With rare exception, we perceive no bad faith or gross negligence in the processing and adjudication of claims below. From our perspective, an enormous number of claims are processed and adjudicated by the Secretary and the Board. Judicial review helps to ensure mistakes are corrected. Efforts should indeed be taken to reduce the number of errors made, particularly the repetitive errors, but the overall review structure between the Court and the Board is sound.
It strongly appears that at least for the present and near future, the number of claims filed below will remain increasingly high, which likely will keep appeals to the Board and the Court increasingly high. Congress has authorized two new judges and, I understand, additional staffing at the Board and within VA. At this time, we perceive no need for any significant additional increase in staffing for the Court. I defer to the Secretary and the Board with regard to their operations.
III. CONCLUSION
At his nomination hearing before the Senate Judiciary Committee in September 2005, now Chief Justice John Roberts compared the work of judges and justices to that of a baseball umpire and said: "I will remember that it's my job to call balls or strikes, and not to pitch or bat." Although I and my colleagues at the U.S. Court of Appeals for Veterans Claims do not equate ourselves to the Chief Justice, we certainly heed his counsel. Thus, I assure this Committee that
each judge on the Court strives to live up to the oath that we took when we were appointed to the bench - to administer justice and to faithfully and impartially discharge and perform the duties incumbent upon us as judges of a court of law.
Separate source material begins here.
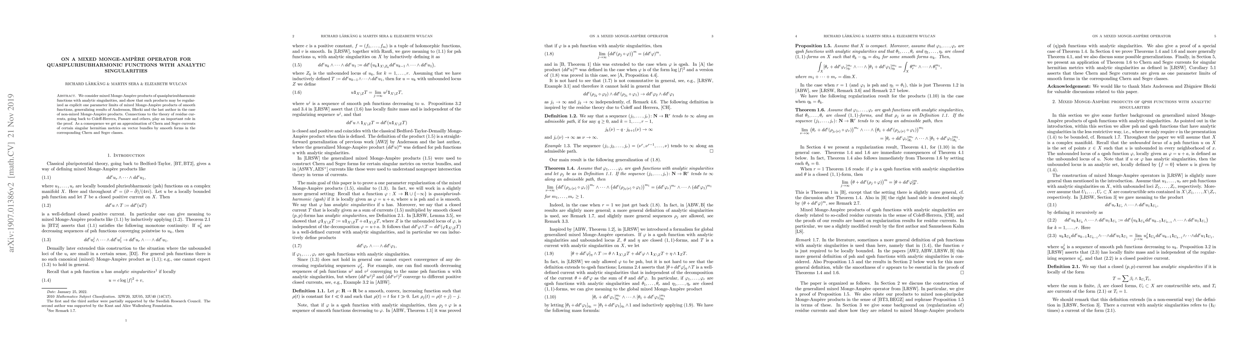 This paper regularizes mixed Monge-Ampère products of quasiplurisubharmonic functions with analytic singularities as limits of smooth functions, extending previous results. The proof leverages connections to residue currents theory, leading to approximations of Chern and Segre currents for singular hermitian metrics on vector bundles.

We appreciate the opportunity to engage in dialogue aimed at strengthening and improving the veterans benefits adjudication system as a whole. However, we recognize that it is the legislative branch of government that must take the steps necessary to create the laws and the framework which the Executive branch is charged to administer, and it is our responsibility to provide judicial review. On behalf of the judges of the Court, I thank you for the Committee's efforts in this regard, and for your invitation to share our views on this subject.